HAV/7 harvested from transfected 11-1 cells caused mild hepatitis when inoculated into a tamarin. The peak serum ICD level of 2,220 U/ml in this animal (data not shown) was comparable to those observed previously for the recombinant HAV/7 virus harvested from AGMK cells (3,230 and 2,023 U/ml) (2) and for passage 32 virus, the biological equivalent of HAV/7 (mean of five animals, 1,686 U/ml) (18). Since the HAV/7 virus and the passage 32 virus displayed the same phenotype even though they differed at nucleotides 7032 and 7430, these mutations were not important for attenuation. Therefore, recombinant HAV/7 retained its attenuated phenotype when propagated in 11-1 cells.

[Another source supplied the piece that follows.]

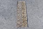 Turkish Vintage Small Rug 1,6x3,1 ft, Brown White Handmade Wool Rug

Similarly, the wild-type HM175 virus was harvested from transfected 11-1 cells and inoculated into two tamarins. The wild-type recombinant virus produced hepatitis in both inoculated animals as demonstrated by high peak serum ICD levels of 6,243 U/ml in one animal and 13,502 U/ml in the other (data not shown). The wild-type recombinant virus was clearly virulent and caused ICD elevations quite comparable to those induced by its biological wild-type parent in other studies (mean of four animals, 6,076 U/ml) (18). Therefore, recombinant wild-type HM175 retained its virulence phenotype when propagated in 11-1 cells.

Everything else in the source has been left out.